Anyways, one of the classes of problems we dealt with in the course was “search”. Basically, how does a computer “search” for the solution to a problem within a large “search space”?

One of the simplest heuristic is what has come to be known as “hill climbing” (too lazy to look through all of Khemani’s lectures and find where he’s spoken about this). I love computer science because a lot of computer scientists like to describe ideas in terms of intuitive metaphors. Hill climbing is definitely one such!

Let me explain it from the point of view of my weekend vacation in Edinburgh. One of my friends who had lived there a long time back recommended that I hike up this volcanic hill in the city called “Arthur’s Peak“.

On Saturday evening, I left my wife and daughter and wife’s parents (who I had travelled with) in our AirBnB and walked across town (some 3-4 km) to reach Holyrood Palace, from where Arthur’s Seat became visible. This is what I saw: 

Basically, what you see is the side of a hill, and if you see closely, there are people walking up the sides. So what you guess is that you need to make your way to the bottom of the hill and then just climb.

But then you make your way to the base of the hill and see several paths leading up. Which one do you take? You take the path that seems steepest, believing that’s the one that will take you to the top quickest. And so you take a step along that path. And then see which direction to go to climb up steepest. Take another step. Rinse. Repeat. Until you reach a point where you can no longer find a way up. Hopefully that’s the peak.

Most of the time, you are likely to end up on the top of a smaller rock. In any case, this is the hill climbing algorithm.

So back to my story. I reached the base of the hill and set off on the steepest marked path.

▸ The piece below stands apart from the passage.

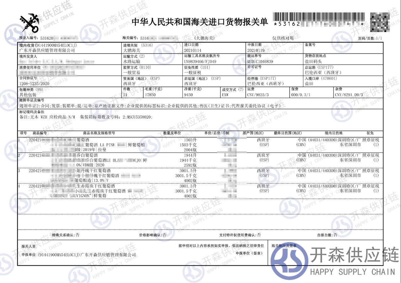 【導讀】您正在閱讀的是關于【進口案例】西班牙葡萄酒進口報關代理服務的內容,本文由開森葡萄酒進口報關代理小編整理編寫;

I puffed and panted, but I kept going. It was rather windy that day, and it was threatening to rain. I held my folded umbrella and camera tight, and went on. I got beautiful views of Edinburgh city, and captured some of them on camera. And after a while, I got tired, and decided to call my wife using Facetime.

In any case, it appeared that I had a long way to go, given the rocks that went upwards just to my left (I was using a modified version of hill climbing in that I used only marked paths. As I was to rediscover the following day, I have a fear of heights). And I told that to my wife. And then suddenly the climb got easier. And before I knew it I was descending. And soon enough I was at the bottom all over again!

And then I saw the peak. Basically what I had been climbing all along was not the main hill at all! It was a “side hill”, which I later learnt is called the “Salisbury Crags”. I got down to the middle of the two hills, and stared at the valley there. I realised that was a “saddle point”, and hungry and tired and not wanting to get soaked in rain, I made my way out, hailed a cab and went home.

I wasn’t done yet. Determined to climb the “real peak”, I returned the next morning. Again I walked all the way to the base of the hill, and started my climb at the saddle point. It was a tough climb – while there were rough steps in some places, in others there was none. I kept climbing a few steps at a time, taking short breaks.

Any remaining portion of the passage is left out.